The algorithm MEME (Bailey and Elkan, 1994) from the MEME suite (Bailey et al., 2009) was applied to analyze protein sequences for similarities and to produce also a visual description of discovered motifs. The three motifs searched by MEME using the 15 Whi5 homologs as a query were manually refined. Referring to the amino acid numbering of Whi5Sc, motif 1 spans from amino acid 136 to 162, motif 2 from amino acid 173 to 209, and motif 3 from amino acid 245 to 267 (motif sequences and motif logos shown in Figure 2 and Figure S2 refer to the refined motifs).

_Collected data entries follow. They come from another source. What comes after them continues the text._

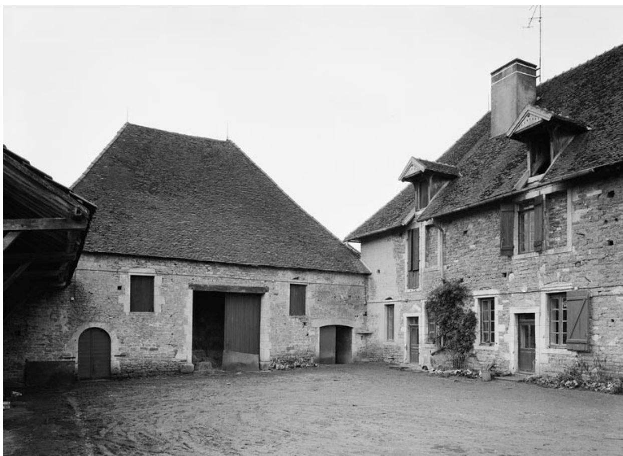
Grange et logis.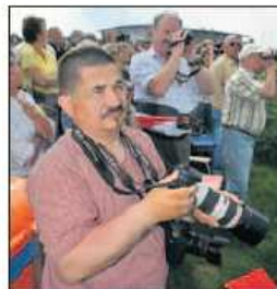
Hobbyfotografen auf dem „Spotter-Hügel“ am Flughafen.

Um 16 Uhr ist der Mega-Airbus in Berlin-Schönefeld gestartet, zur Eröffnung der Internationalen Luft- und Raumfahrtausstellung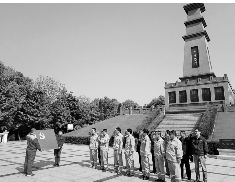
铜冠铜业分公司新技术党支部日前组织全体党员在笠帽山烈士陵园开展“缅怀先烈,重温入党誓词”活动。该党支部通过组织党员开展重温入党誓词活动,让党员重温入党誓词时的庄严承诺和坚定决心,在生产工作中更好地发挥共产党员的先锋模范作用。

是本届大学生科技文化节首场专题报告。该院邀请中科大计算机科学与技术学院陈凯明教授为大家作题为《互联网+》的专题报告。据悉,该院大学生科技文化节自2007年举办至今,历经十年岁月,始终致力于学院人才培养中心工作,通过整合校内外资源,将专家讲座、专业技能竞赛、文体活动等工作单元相集成,采用举办科技文化节的形式系统实施,以激发大学生们的专业学习兴趣,营造浓厚的校园文化氛围。 陈潇 徐婧婧

The prediction of phosphorylation sites of Whi5, Rb and their homologs was carried out by the program GPS 2.1 (Group-based Prediction System, version 2.1). More in detail, for human Rb, the predicted Cdk-phosphorylation pattern most similar to the experimental one was obtained combining the prediction for Cdk2, Cdk4, and Cdk6 at high threshold. Hence, the same setting was used for all Rb-related proteins. The prediction of Whi5Sc phosphorylation sites for generic Cdks was done with the program PPSP (Prediction of PK-specific Phosphorylation site) (Xue et al., 2006), with default settings. This tool recognizes all Cdk sites considered in previous works (de Bruin et al., 2004; Wagner et al., 2009). Then, a relative score of probability to be phosphorylated was assigned to each site by applying GPS 2.1, setting a medium threshold for the recognition of a generic Cdk. With the same procedure we predicted the Cdk phosphorylation of Whi5 homologs. The phosphorylation of Whi5Sc with other non-Cdks was predicted with GPS2.1 at high threshold.

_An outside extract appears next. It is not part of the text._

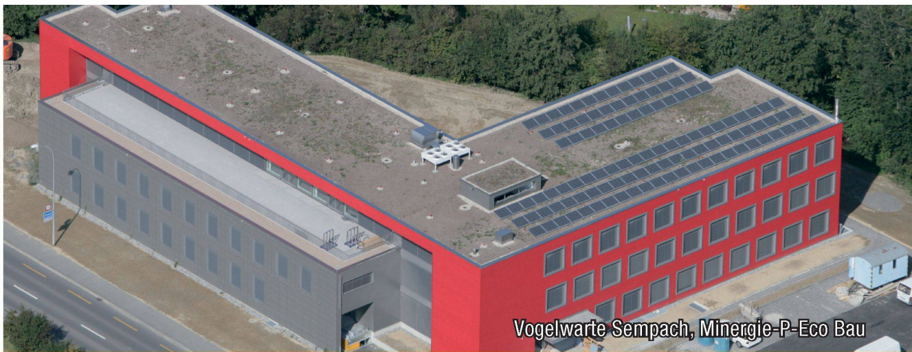
Vogelwarte Sempach, Minergie-P-Eco Bau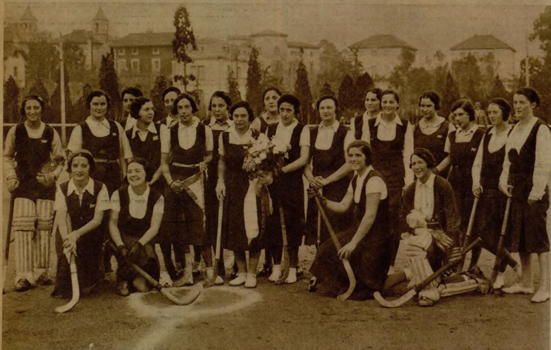
Las jugadoras de "hockey" del Club de Campo, de Madrid, y del Polo Jockey Club, forman un magnífico ramillete de feminidades atléticas, antes de dar comienzo el partido, que se desarrolló en el campo del Club barcelonés

En Barcelona se ha celebrado un partido de "hockey" entre los equipos del Club de Campo, de Madrid, y del Polo Jockey Club, de la capital de la "Generalitat". A él pertenecen estos dos episodios, que ponen de relieve el magnífico ardor puesto en la lucha por los equipos contendientes

Extended Models of Whi5Sc motif 1 and motif 3
Extended models of the Whi5Sc motif 1 (residues 136–162) and of motif 3 (residues 245–267) peptides were obtained by the generated_extended.inp module of the crystallography & NMR system (CNS) software (Brunger, 2007), avoiding unrealistic tertiary contacts. The model of phosphorylated form of motif 1 was generated adding the phosphate groups by the NAMD program, using CHARMM22 forcefield (MacKerell et al., 1998).
Electrostatic surface potentials were calculated by numerical solution of the Poisson-Boltzmann equation implemented in APBS (Holst and Saied, 1995; Baker et al., 2001) using default values. The charges for each residue atoms were assigned by the PDB2PQR server (Dolinsky et al., 2004), using the CHARMM forcefield. The electrostatic potential maps were displayed in PyMOL (DeLano, 2004) on the solvent accessible surface of the models. The surface of the negatively charged residues is colored blue and that of the positively charged residues red, with the intensity of the color proportional to the local potential (range +10 kTe−1 to −10 kTe−1).
Construction of Interaction Maps
All genetic and physical protein interaction datasets described in this work were primarily downloaded from the BioGRID database v3.2, which provides interaction data for several model organisms and one of the most comprehensive dataset of yeast protein-protein interactions (Stark et al., 2006). The web interface iRefWeb (Turner et al., 2010) that interrogates major public databases—including BIND, BioGRID, CORUM, DIP, IntAct, HPRD, MINT, MPact, MPPI, and OPHID—was also used. Final interaction maps were constructed by integrating web databases with manually searched literature data. Interaction datasets were provided as input data for Cytoscape 2.8, which is a tool for visualizing and integrating complex networks (Smoot et al., 2011). In all maps, interactors were grouped according to functions (Costanzo et al., 2010) and accordingly color-coded.
GO Enrichment Analysis
The Gene Ontology (GO) database (Harris et al., 2004) allocates biological descriptors (or GO terms) to genes, on the basis of the properties of their encoded products. GO terms can be of three types: cellular component, biological process, and molecular function. GoBean, a comprehensive and flexible GUI tool for GO term enrichment analysis, was used to ascertain GO term enrichments (Lee et al., 2012). Non-redundant, significantly enriched GO terms were used by Revigo (Supek et al., 2011) to generate treemaps in which related terms are joined into loosely related “superclusters”, visualized with different colors. Size of the rectangles was adjusted to reflect the p-value.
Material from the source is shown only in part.